Joe and Carolyn’s relationship has never been interesting for one second. Their scenes are divided between Carolyn’s flagrant displays of contempt for Joe, quarrels that begin when Joe objects to those displays, and the occasional conversation about how the two of them don’t have a future. Today’s conversation between them is a break-up scene. An actual breakup would be welcome, but they’ve raised our hopes that way before. Since the only emotion Carolyn and Joe have managed to arouse in the audience is impatience, we don’t have any of the mixed feelings that could make the scene poignant or exciting.
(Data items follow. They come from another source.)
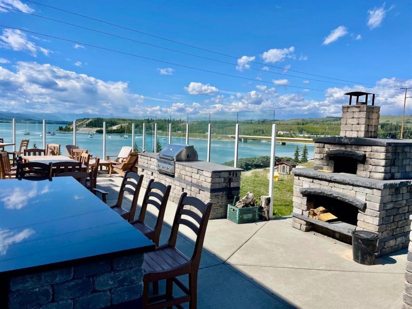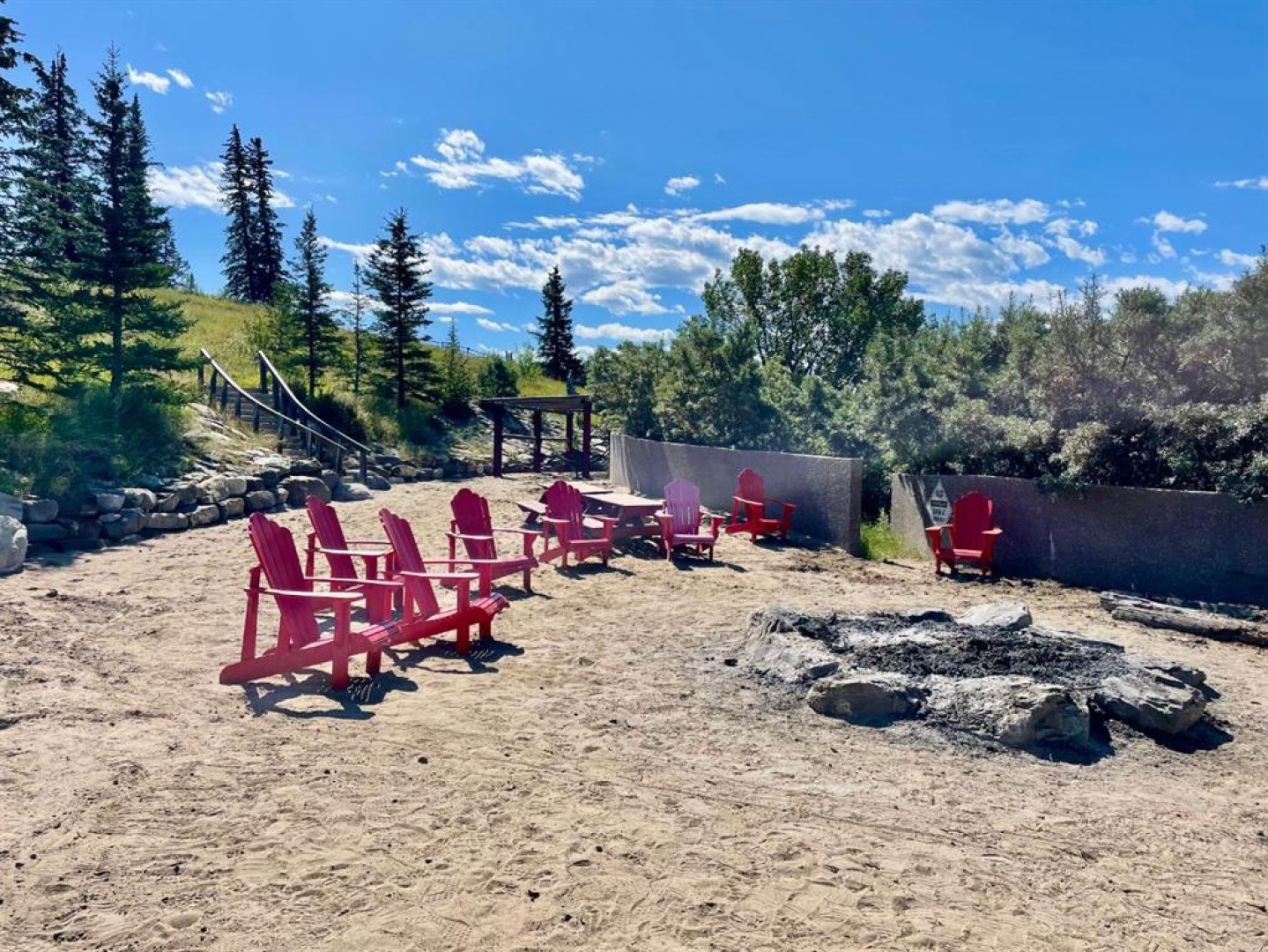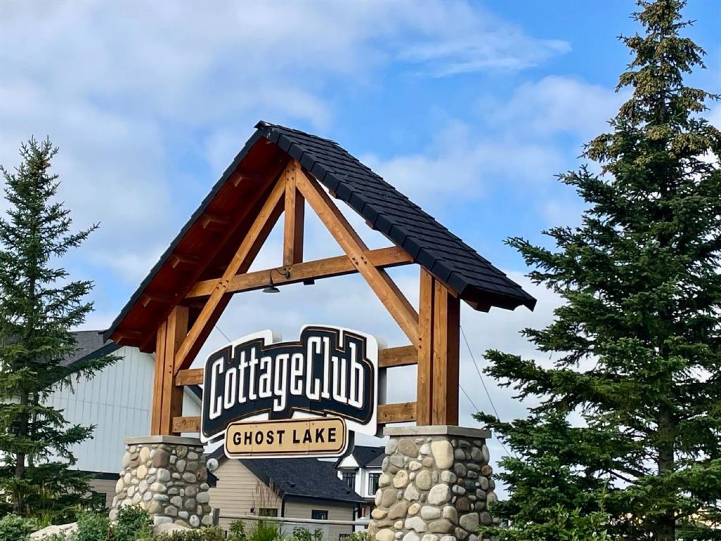Luxury Cottage Retreat in Exclusive Gated Community – CottageClub at Ghost Lake Quality-crafted by True North Mountain Homes, this high-end cottage offers the perfect blend of comfort, style, and privacy in one of Alberta’s most sought-after recreational communities—just 30 minutes west of Calgary. Located in a quiet, gated community in Phase 1, this home backs onto a serene ravine with unobstructed views, offering rare glimpses of Ghost Lake and the Rocky Mountains. Enjoy sunsets on the massive west-facing covered deck with pot lighting—an ideal spot for entertaining or simply relaxing in total privacy. Your east-facing front porch is perfect for morning coffee, all wrapped in charming curb appeal with Hardie Board siding, stone accents, and a wraparound from balcony to front porch. Inside, be greeted by soaring vaulted ceilings with skylights, a chandelier, and in-floor heating on the main level and in all bathrooms. The open-concept kitchen features full-height cabinetry, quartz counters, tile backsplash, and a huge pantry, with a dining area boasting a built-in bench. The living room’s wood stove adds cozy charm, while a retractable wall with a Murphy bed offers flexible guest space. A main-floor 3-piece bath includes a steam shower and quartz counters. And for those hot summer days there is air conditioning. Upstairs, the primary bedroom’s private balcony showcases views of the lake, mountains, and Wildcat Hills. A second bedroom and heated half-bath complete the upper level. The undeveloped lower level has 6 foot ceilings, there is laundry, a second fridge, and ample storage and family room. Gasline brought to the house in 2022 and gas furnace installed in 2022 costing close to $15,000. Driveway 2022 costing over $8,000. Some new blinds in 2022 costing $1,000. Eaves installed too. Community amenities are unmatched—your private beach access, boat launch, and recreation centre with an indoor pool, spray park, outdoor hot tub, gourmet kitchen, fitness room, library, BBQ area, pizza oven, tennis/pickleball courts, community gardens, firepits, and extensive walking trails. Whether you’re looking for a weekend getaway, a summer escape, or year-round living, CottageClub offers a laid-back lifestyle with every convenience. Location: CottageClub at Ghost Lake Bedrooms: 2 + flex sleeping space Bathrooms: 1 full + 1 half Views: Lake, mountains, ravine Proximity: 30 min to Calgary This property’s combination of privacy, quality craftsmanship, and resort-style amenities makes it a rare find. Don’t miss your chance to own a slice of paradise!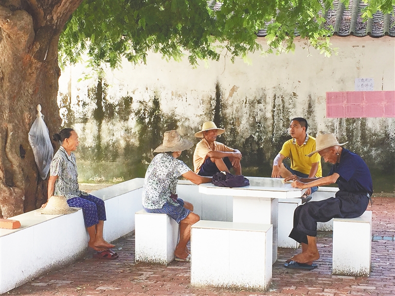 付马话是海南使用人口最少、最小众的濒危方言。近日,76岁的付马村村民吉保堂,带着孙子在村里的凉亭中休息。他告诉海南日报记者,村里交流主要还是靠付马话,村里的小孩也都基本会说。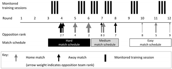 All players completed preliminary testing and were monitored over the course of a 17-round competitive basketball season. Six separate weeks of training data were collected during the competitive basketball season from three separate phases. Two weeks of training were monitored from each phase, where each week consisted of three team training sessions. The phases of monitored training were selected to represent periods of different match schedule difficulty, defined as easy, medium, and hard. The easy match schedule occurred between rounds 10 to 12, where the team played home matches against the two lowest ranked teams in the competition. The medium match schedule occurred between rounds 7 to 8, where the team played one double-header (i.e., two matches within a single round of competition) and one away match against moderately positioned teams. The hard match schedule occurred between rounds 4 to 6, where the team had an extensive travel schedule (away double-header) and a home match against the competition grand finalist (Figure 1).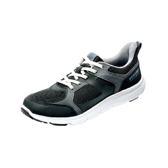 靴ひもはベロの両端を通ったゴム仕様で、そのままスムーズに着脱可能。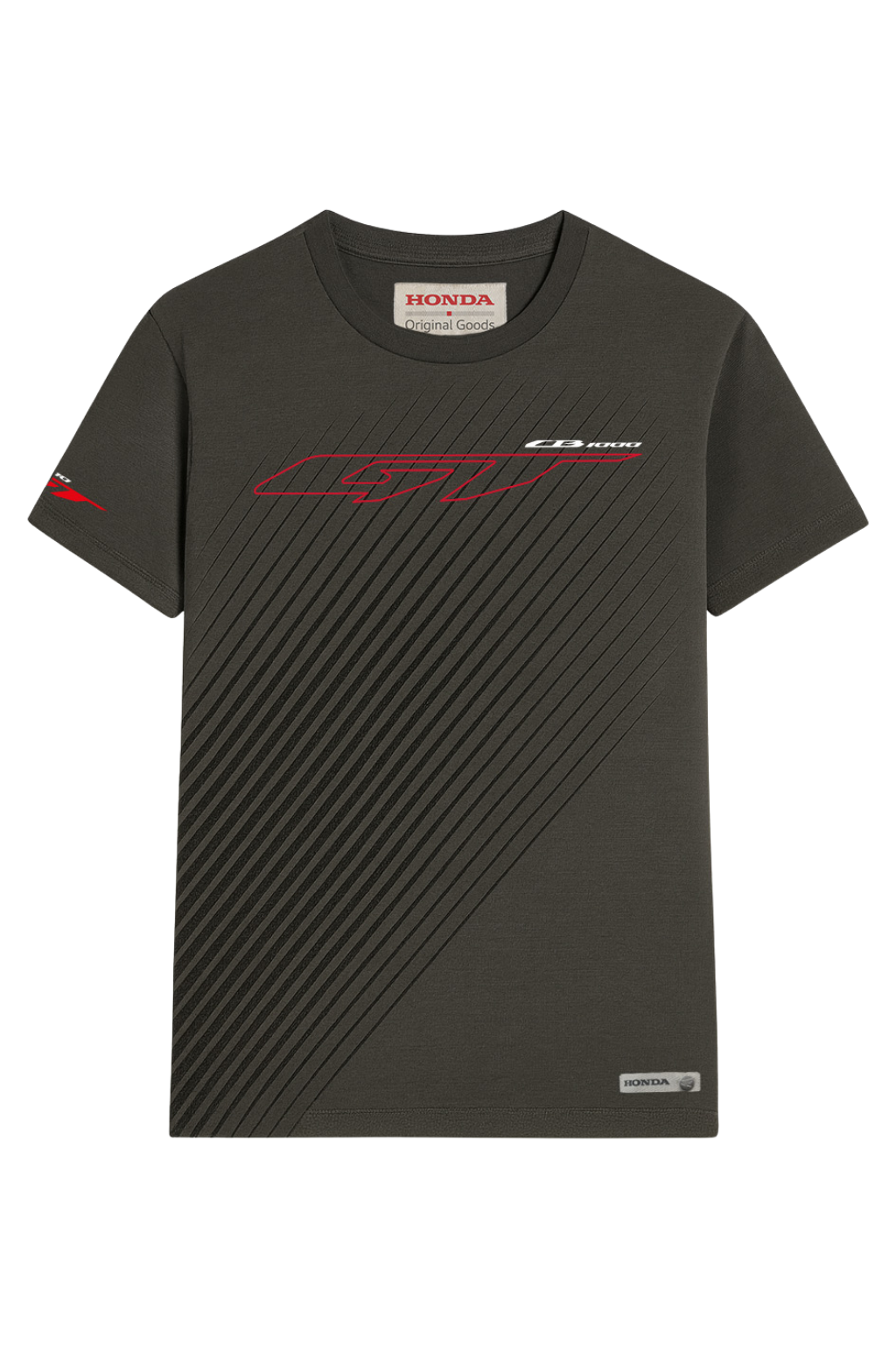 CB1000GT T-shirt made of 100% combed cotton jersey with a peach hand finish for a soft and refined touch. featuring a modern design with diagonal tone-on-tone graphics. The front showcases the stylized “GT 1000” logo in red and white, while the back is finished with the red Honda Wing logo below the collar. A statement piece that captures the spirit of exploration and off-road freedom.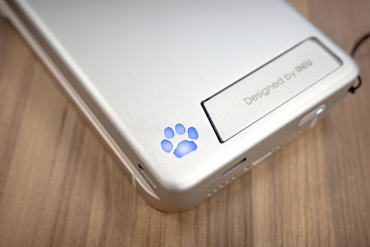 下部左側には、肉球の形をしたLEDランプを内蔵。バッテリー残量を5段階で確認できます。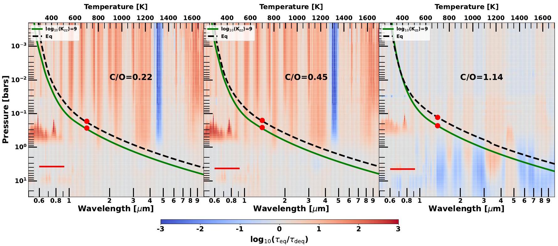 ومع ذلك، عند المعدل الشمسي للمعادن (اللوحة الوسطى)، يكون نموذج التوازن الحراري الكيميائي أكثر تعتيمًا مقارنةً بـنموذج، خاصة فوق 1 بار. وذلك بسبب القيمة العالية لـفي نموذج كيمياء عدم التوازن يسببلتُروى في الغلاف الجوي الأعمق والأكثر حرارة مما يؤدي إلى انخفاضوفرة في الغلاف الجوي العلوي مما يجعل الغلاف الجوي أكثر شفافية منتوازن كيميائي غني الغلاف الجوي. منذيمتص عبر الأشعة تحت الحمراء القريبة، فإن الوفرة المنخفضة للغاز تسمح بتبريد إشعاعي أكثر كفاءة من أعماق الغلاف الجوي.ملف تعريف الـالنموذج بالتالي أبرد بمقدارمن نموذج التوازن الكيميائي عند المعدنية الشمسية. يتم تضخيم نفس التأثير إلى درجة أكبر عندالموضح في اللوحة اليمنى في الشكل 3. هذا يتسبب فيالنموذج ليكون أبرد بحواليمن نموذج التوازن الكيميائي فيالتركيز المعدني الشمسي. ضغوط التوقف لـ، و في الأجواء التي تحتوي على خلط عمودي يتم الإشارة إليها بخطوط أفقية حمراء في جميع الألواح الثلاثة من الشكل 3.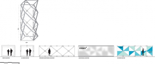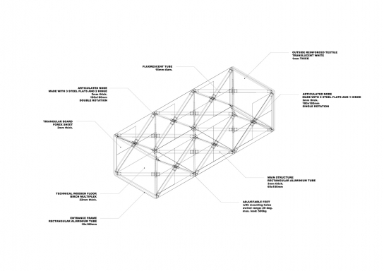 We have designed a building composed of a primary structure, a framework that defines a flexible space and a flexible and waterproof outer shell that follows the contours of the metal structure. Outside, the pavilion has a smooth, translucent skin. He sees himself as a mere object, detached from any context. The canvas becomes a readable surface like a billboard or display.
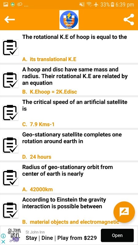 Application de test de QCM de physique de première année pour les étudiants FSc et tous les tests de QCM

The contrast at the hinge of the diptych is between, on the one hand, David taunting the suddenly brainless Vicki with the prospect that she will be in her prison for the rest of her life and, on the other, Carolyn dismissing the suddenly self-assertive Joe with the prospect that they will never see each other again. Joe’s uncharacteristic strength is more appealing, and better grounded in what we’ve seen so far, than is the uncharacteristic stupidity that led Vicki into David’s trap. But even if the breakup is the real thing this time, it’s hard to feel much relief when we know that we’re going to be locked up and miserable with Vicki.

There is some trivia in this one that will appeal to confirmed fans of Dark Shadows. It’s the first time we go inside the west wing; we get a look at a corridor and at the room where Vicki will be confined. Vicki and David talk about the long, twisting way they have taken, suggesting that it is a very large place. Much larger than reclusive matriarch Liz suggested in episode 2, when she told Vicki that the whole house, including the closed-off portions, has a total of 40 rooms.

Also, Vicki mentions that the west wing has been closed for 50 years. David picks up on “50 years” in a story he tells to frighten Vicki, ensuring that it will stick in the audience’s mind. Yet Liz, who is supposed to be in her 40s, has a conversation with her daughter Carolyn in which she remembers a time when far “fewer rooms were closed off.” That suggests that there is not only a locked-up west wing, but perhaps an east wing as well. That won’t be confirmed for four years, but it is implicit here.

Reminiscing about the way the house used to be, Liz says “There’s nothing in those rooms now but ghosts and memories.” In fact, the rooms in the west wing, like the abandoned Old House and the basement, are stuffed to bursting, not only with antique furniture, books, trunks, vases, paintings, rugs, and other things that could be sold at a high enough price to finance a considerable amount of work on the house, but also with old newspapers, tattered clothing, helpless governesses, and other unsaleable items that should not be kept in storage. For his part, David tells us that the west wing is full of mice, and we see so many cobwebs that the air quality in the occupied parts of the house must be severely affected by its dust. The Collinses really ought to empty their disused spaces and hire a couple to keep them clean.

No abandoned corridor would be complete without a full-sized metal candelabra in front of a porcelain vase resting on a dedicated stand

Apparently executive producer Dan Curtis insisted as a point of visual style that abandoned buildings be shown crammed with stuff. Today, that means that Vicki’s failure to pick up any of the blunt objects surrounding her and start beating the door down makes her look like an even bigger idiot than she already does for falling into the trap in the first place. The window is too high for her to reach, but with so much furniture and so many other objects in the room it would be no trick for her to stack something up she could climb on. After all, animal behaviorists give intelligence tests in which they get baboons to pile one thing on top of another so that they can reach a piece of fruit dangling from the ceiling. Too bad Vicki doesn’t have a baboon with her to give her some guidance.

In the room

2 thoughts on “Episode 84: Ten hundred years”

  1. “Yet Liz, who is supposed to be in her 40s,”

    Nope. Per Art Wallace’s story outline, Liz was 57 when the series began.